Democratic Lt. Governor Lee Fisher has spent his career on the ground in Ohio, fighting to bring jobs and economic opportunity to our state. Republican Congressman Rob Portman has spent his life in the hallowed halls of Washington D.C., selling out Ohio’s hard-working families in favor of the lobbyists and Wall Street interests that know they can count on him to do their bidding.
A Washington Post headline about Congressman Portman’s campaign said it best: “Portman the Insider: Will Mr. Washington Go to Washington?”
As Lt. Governor Fisher runs on a job creation platform that includes support for small businesses and tough new measures to hold Wall Street accountable, Congressman Portman vows to return Ohio to the failed Washington-Wall Street policies of the past.
And Ohioans know all too well what that means:
Tax breaks for big corporations and the wealthiest Americans while ordinary Ohioans fall further behind. Trade deals that sell out American workers and ship tens of thousands of Ohio jobs overseas. And gross financial mismanagement that turned a record budget surplus under President Bill Clinton into a record deficit under George W. Bush—and his Budget Czar Rob Portman.
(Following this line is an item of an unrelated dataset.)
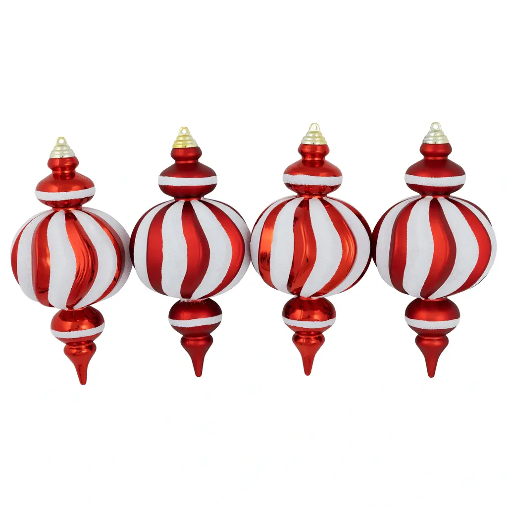 Shatterproof Commercial Size Finial Christmas Ornaments - 10" - Red And White - Set Of 4 - Plastic - Red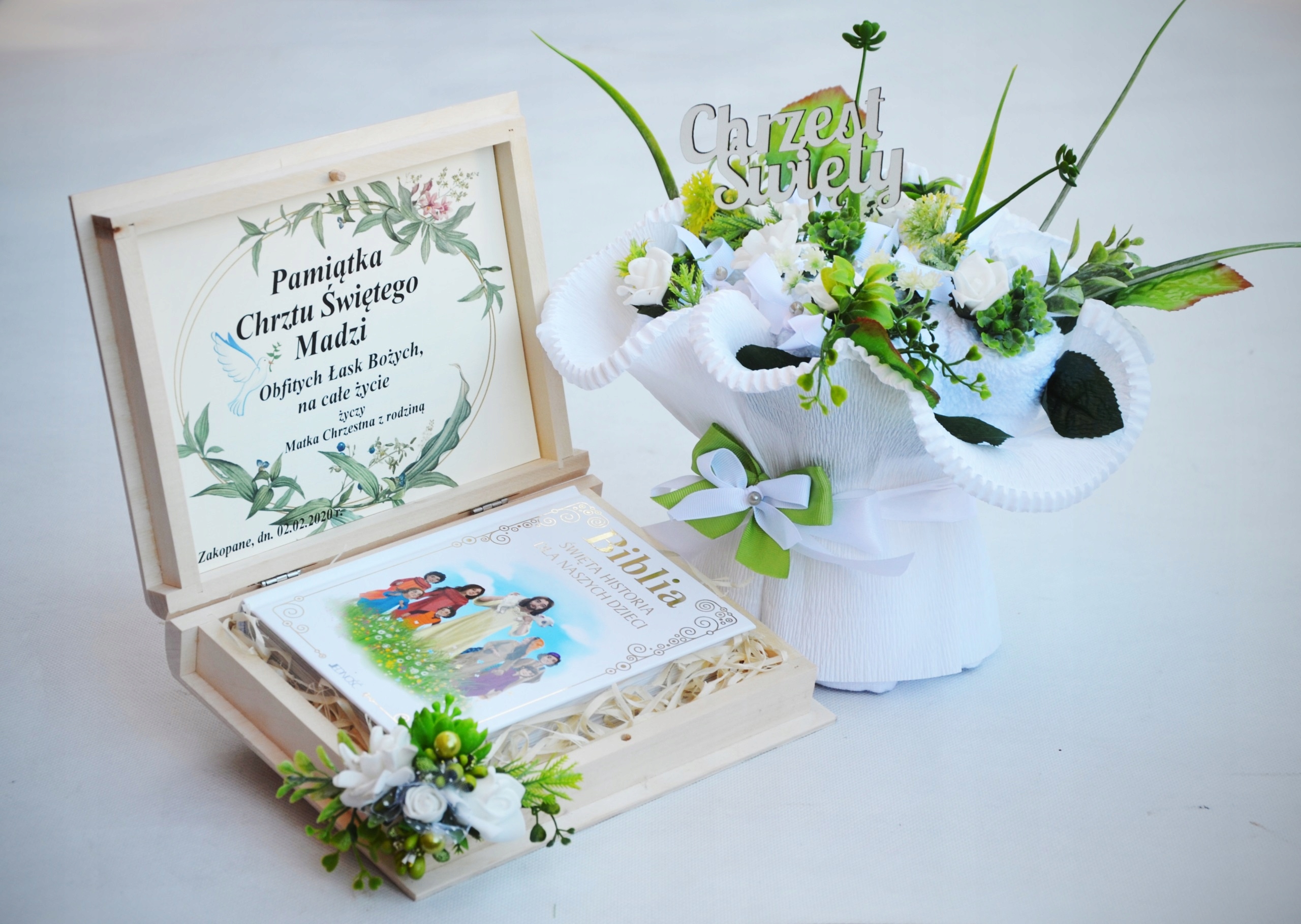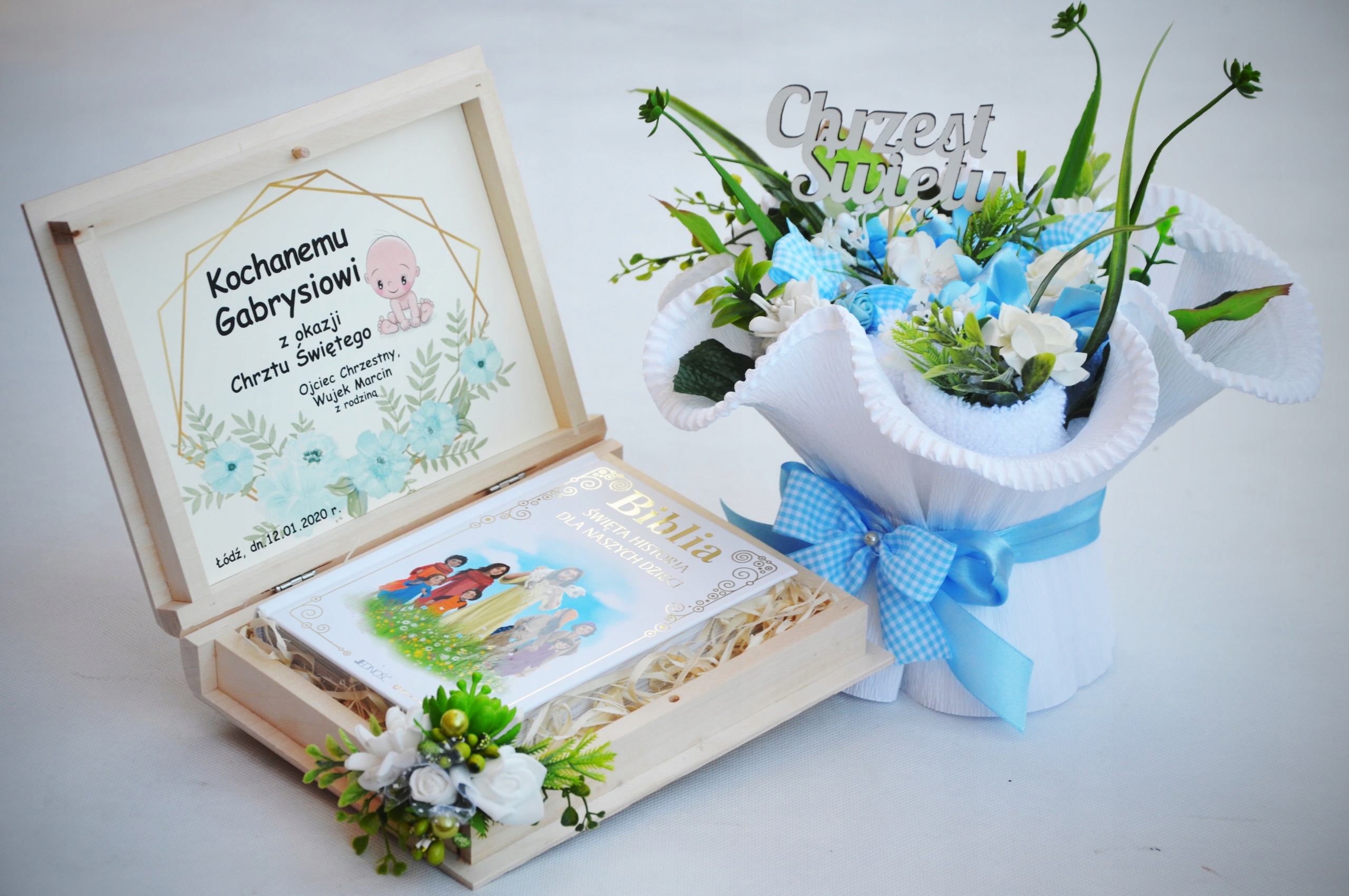 Уникальный и красивый набор: иллюстрированная Библия в деревянной коробке с персонализацией и букетом полотенец - идеальный подарок для святого крещения - практичный и оригинальный

Unlike retiring Republican Senator George Voinovich, who was willing to reach across the aisle to get things done, Congressman Portman has aligned himself with the far right-wing of the Republican Party. Portman opposed a bipartisan Jobs Bill that cut taxes for Ohio small businesses, despite Sen. Voinovich’s support. Just last month, Portman supported a GOP filibuster against legislation to hold Wall Street accountable and protect Ohio consumers. And Portman supports a ruling by the Supreme Court that allows corporations and foreign interests to spend unlimited amounts of money to influence elections and drown out the voice of the people.
While Lee Fisher travels the state talking with Ohioans about the great challenges they’ve tackled together—from saving Norwalk Furniture to helping bring the Chevy Cruze to GM’s Lordstown plant—Congressman Portman will have to explain why, as one of the chief architects of the worst economy since the Great Depression, he should be elected to the Senate.
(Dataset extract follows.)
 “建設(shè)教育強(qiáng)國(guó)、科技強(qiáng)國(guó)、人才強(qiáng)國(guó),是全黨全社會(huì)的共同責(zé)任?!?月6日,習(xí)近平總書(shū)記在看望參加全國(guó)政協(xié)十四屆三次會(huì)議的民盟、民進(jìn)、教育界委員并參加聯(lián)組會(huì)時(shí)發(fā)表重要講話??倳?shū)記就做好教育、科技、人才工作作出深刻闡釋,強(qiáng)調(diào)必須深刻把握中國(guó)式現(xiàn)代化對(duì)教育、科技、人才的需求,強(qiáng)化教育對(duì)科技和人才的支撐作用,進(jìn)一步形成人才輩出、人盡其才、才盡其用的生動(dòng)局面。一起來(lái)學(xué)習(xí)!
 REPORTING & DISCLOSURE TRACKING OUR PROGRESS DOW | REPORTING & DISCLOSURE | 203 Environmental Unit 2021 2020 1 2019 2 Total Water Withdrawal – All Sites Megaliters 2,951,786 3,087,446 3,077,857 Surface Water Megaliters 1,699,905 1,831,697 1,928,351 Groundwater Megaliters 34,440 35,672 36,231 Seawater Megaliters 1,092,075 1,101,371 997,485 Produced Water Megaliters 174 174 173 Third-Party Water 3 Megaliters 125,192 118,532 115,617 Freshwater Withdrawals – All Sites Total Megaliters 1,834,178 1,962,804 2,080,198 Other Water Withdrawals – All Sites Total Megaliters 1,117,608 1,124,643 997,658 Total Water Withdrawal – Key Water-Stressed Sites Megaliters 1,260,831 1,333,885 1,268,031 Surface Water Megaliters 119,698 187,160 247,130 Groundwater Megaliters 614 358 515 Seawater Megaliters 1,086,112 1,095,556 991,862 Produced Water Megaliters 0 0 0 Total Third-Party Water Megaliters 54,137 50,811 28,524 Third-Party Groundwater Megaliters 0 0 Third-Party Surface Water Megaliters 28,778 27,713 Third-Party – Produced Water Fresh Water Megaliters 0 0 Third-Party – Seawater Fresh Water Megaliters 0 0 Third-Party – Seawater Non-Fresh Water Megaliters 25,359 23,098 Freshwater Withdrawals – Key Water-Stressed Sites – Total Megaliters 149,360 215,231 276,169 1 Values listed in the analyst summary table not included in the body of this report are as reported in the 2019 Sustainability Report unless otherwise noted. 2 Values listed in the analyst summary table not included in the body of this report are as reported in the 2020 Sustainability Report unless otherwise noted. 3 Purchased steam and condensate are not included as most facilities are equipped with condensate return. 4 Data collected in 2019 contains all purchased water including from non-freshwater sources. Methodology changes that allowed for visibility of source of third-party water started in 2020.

Fisher is Well Positioned to Win
Recent polls (here and here) show Lt. Governor Fisher with a 4-point lead over Congressman Portman, and show him well positioned to win in the Fall. The overall trend of polls conducted over the past four months favor Fisher.
While Congressman Portman will vainly attempt to lay the impact of a national recession at Fisher’s feet, he’ll have one major problem: Ohioans aren’t buying it.
Ohioans know that misguided economic and trade policies led us into this economic meltdown. Polling shows that Ohioans hold the Bush Administration (24%) and Wall Street (23%) accountable for the national recession, not the Strickland/Fisher Administration (3%) who has been forced to clean up the mess.
What’s more, the majority of Ohioans don’t know Congressman Portman. What will happen to Portman’s support when the 65% of Ohioans who still don’t know enough about him to have an opinion find out the truth—that while George W. Bush dug us into the deepest economic ditch of our lifetimes, Portman was holding the shovel.